La concorrenza di questi prodotti sulla carta non potrà mai essere vinta. Infatti il consumatore che si rifornisce al banco dei supermercati concentra tutta la sua attenzione solo al cartellino del prezzo e non più all’origine ed alla struttura della filiera che ha prodotto quello che sta per portare sulla tavola.
Solo con una nuova concezione, non influenzata da clientelismi e prese di posizione cervellotiche, anche fra le stesse organizzazioni depositarie della rappresentanza, è possibile pensare ad un futuro prospero per l’agricoltura ed il settore enogastronomico italiano, che potrebbero iniziare a diventare aree strategiche e punti di forza per il Paese, che vanta una tipicità unica al mondo.
Qui ci fermiamo, perché si sta assistendo a trasformismo per opportunità e di facciata, alla nascita di nuovi santoni, tutti con le soluzioni in tasca!

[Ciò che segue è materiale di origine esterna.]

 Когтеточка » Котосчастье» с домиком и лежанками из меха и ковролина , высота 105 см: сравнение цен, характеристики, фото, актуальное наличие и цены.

Quando poi il domani da anni si decide altrove. Strano che i nostri non se ne siamo mai accorti.
“Il New Green deal”, ha chiarito Paolo De Castro, “è la nuova strategia che va dal campo alla tavola e che coinvolge a pieno titolo la politica agricola, perché come avevamo richiesto non si possono fare politiche ambientali senza coinvolgere gli agricoltori e i pescatori”. Così l’ex ministro nel corso del “Comagri report”, l’incontro per discutere sulle novità della politica agricola europea.

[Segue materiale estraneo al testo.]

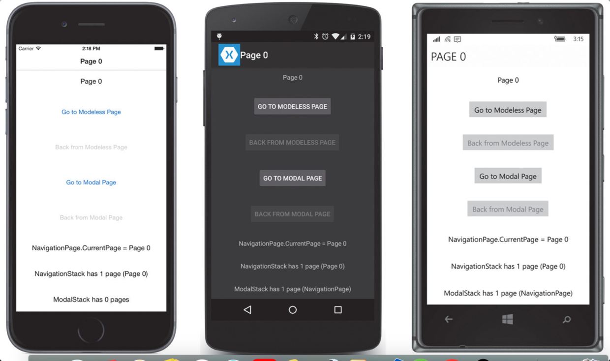 如果用MainPage = new NavigationPage(new Page0());初始化App的MainPage属性运行应用程序,此时IOS平台中ModalStack为空,Android和Windows平台ModalStack包含一个元素(MainPage对应
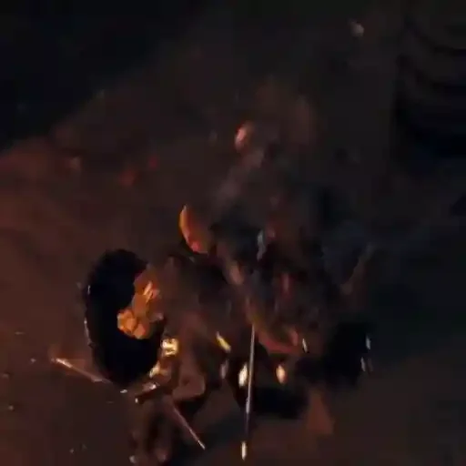 Cena noturna com uma fogueira e duas pessoas sentadas ao redor, com chamas e luzes quentes.

Noi siamo con lui quando sostiene: “I soldi devono essere trovati, l’accordo sulle prospettive finanziarie deve essere approvato per dare le risorse a tutte le politiche europee. In Europa per l’agricoltura i soldi non possono mancare, perciò le risorse ci saranno e le regioni continueranno i loro programmi. Andiamo avanti con le vecchie regole, ma non ci sono criticità. Serve una forte e robusta politica europea, non c’è fretta”.